*** Records for this exercise ***
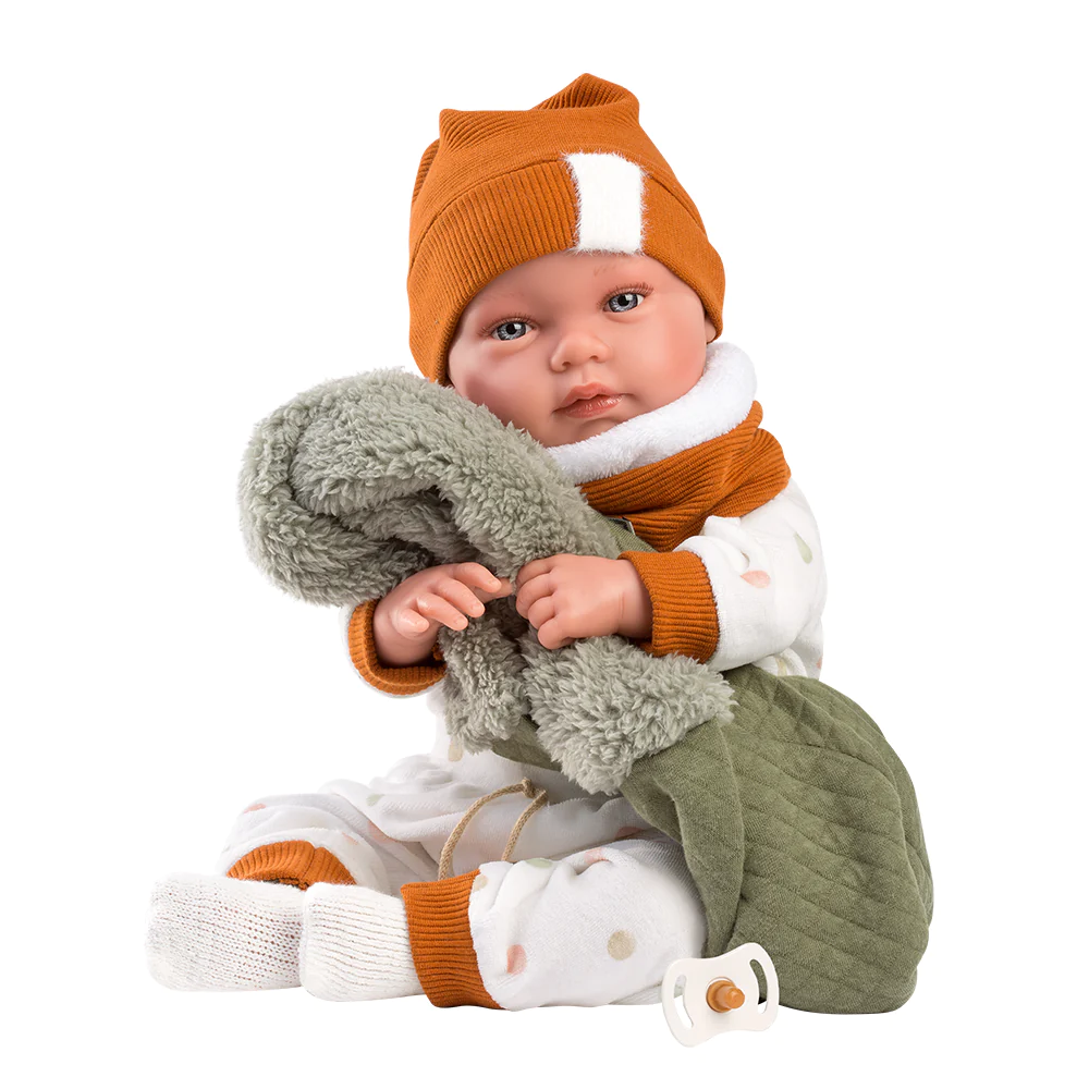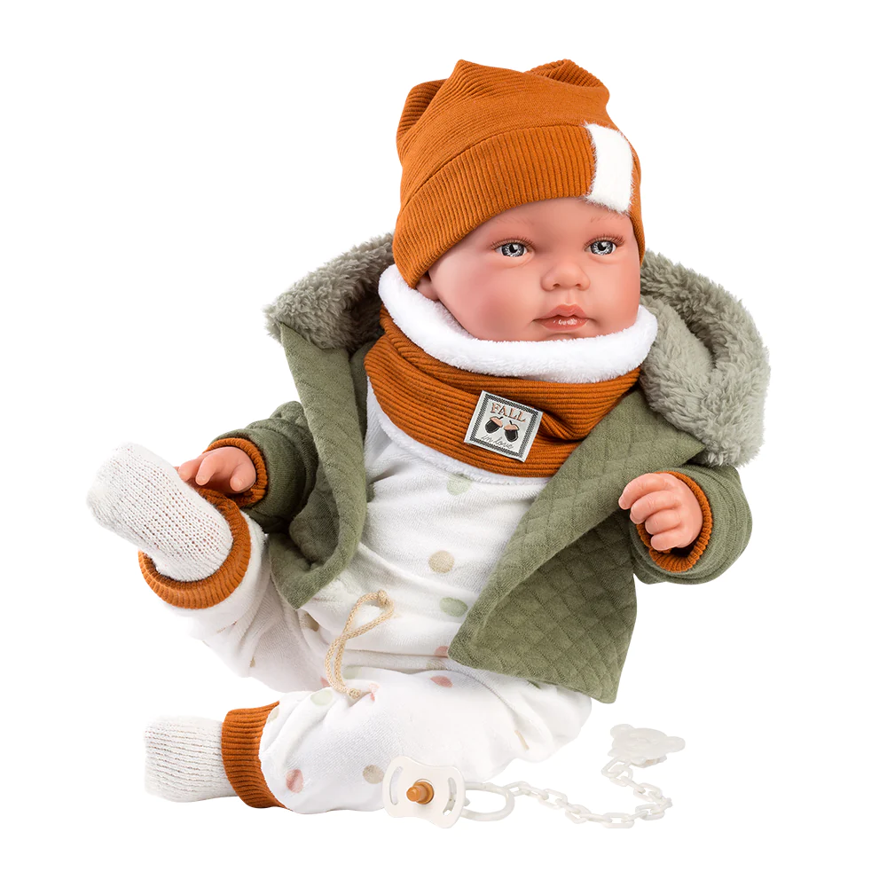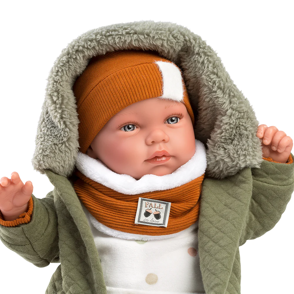 Ova preslatka Llorens beba spremna je osvojiti srca vaših mališana! Obučena u mekani komplet i maslinasto zelenu jaknicu koja joj daje poseban šarm, ova beba jednostavno zrači nježnošću.
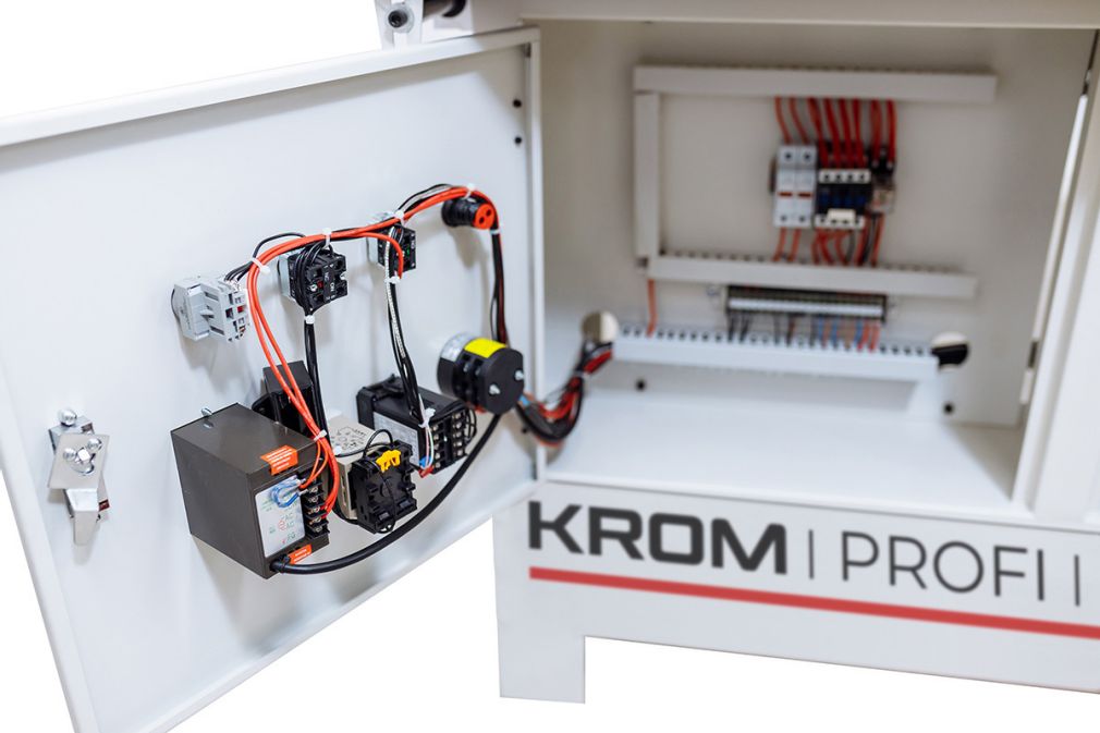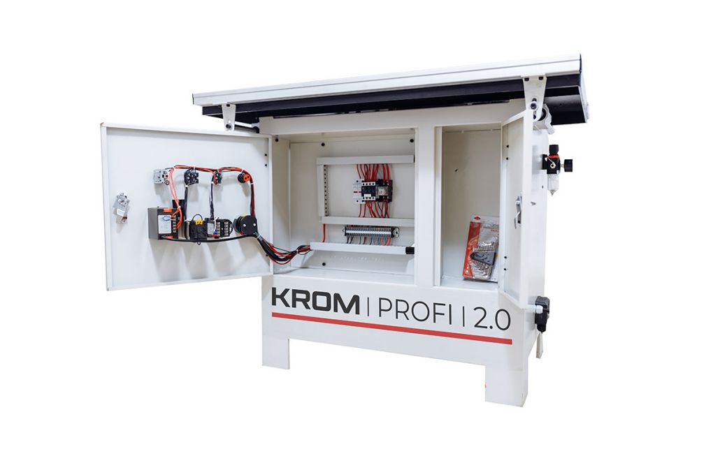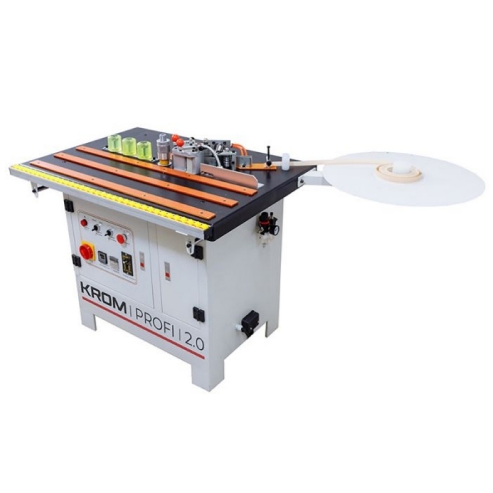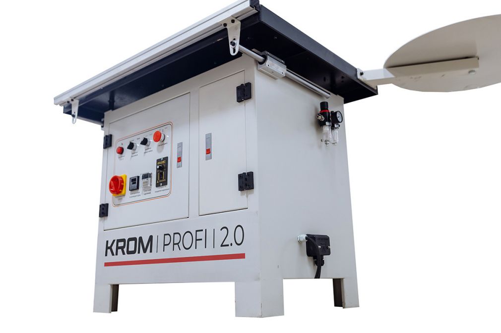 KROM PROFI 2.0 стационарный кромкооблицовочный станок, работающий от сети 220v и массой 120кг. С одинаково высоким качеством клеит весь тип и размер кромочного материала. Четко держит настройки, легко перенастраивается и понятен в управление. Хороший клеевой узел, возможно лучший в своем классе. Два клеевых вала обеспечивают одновременное нанесение на деталь и кромку. Оснащен пневматической гильотиной обрубки кромки, которая работает в двух режимах: прямые и криволинейные детали. Скорость подачи регулируется в диапазоне от 0 до 12 метров. Так же есть счетчик кромки, которым удобно пользоваться при большом количестве одинаковых деталей. Понимаем что фраза избита, но данная модель это действительно отличное сочетание цена — качество. Исключительно положительные отзывы клиентов. Пожалуй лучшее предложение на рынке России в сегменте «полноразмерный стационарный кромкооблицовочный станок». Рекомендуем всем кому нужна долгая и стабильная работа станка за адекватные деньги.
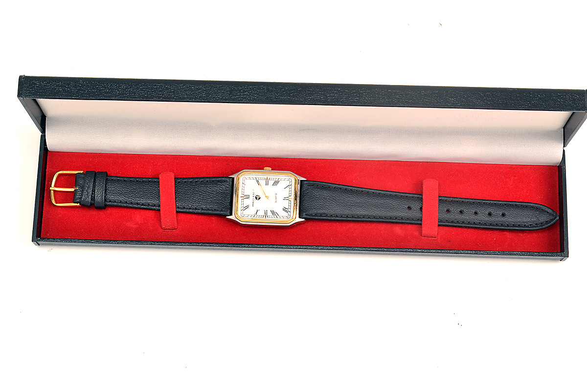 A COLLECTIBLE BOXED WEBLEY & SCOTT QUARTZ WRISTWATCH, of rectangular form, unused but requires fresh battery, in its makers display carton
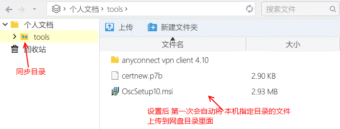 3)設(shè)置這個網(wǎng)盤目錄(tools)與本機電腦上指定目錄進行文件同步(本機如:c:\tools)
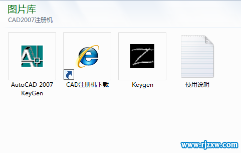 第3步、打开从本页面下载的CAD2007注册机。双击打开Kegen。
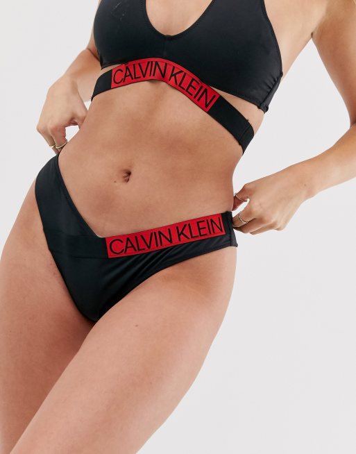 Brazilian bikini bottom top black calvin klein, Calvin Klein Intense Power logo high leg brazillian bikini bottom in black top
*** End of Records for this exercise ***
Would you set down only the lines above from the line with "A COLLECTIBLE BOXED" to the line with "第3步、打开从本页面下载的CAD2007注册机。双击打开Kegen。", both included, exactly as they stand and without the pictures?

◆ Response to this task ◆
 A COLLECTIBLE BOXED WEBLEY & SCOTT QUARTZ WRISTWATCH, of rectangular form, unused but requires fresh battery, in its makers display carton
 3)設(shè)置這個網(wǎng)盤目錄(tools)與本機電腦上指定目錄進行文件同步(本機如:c:\tools)
 第3步、打开从本页面下载的CAD2007注册机。双击打开Kegen。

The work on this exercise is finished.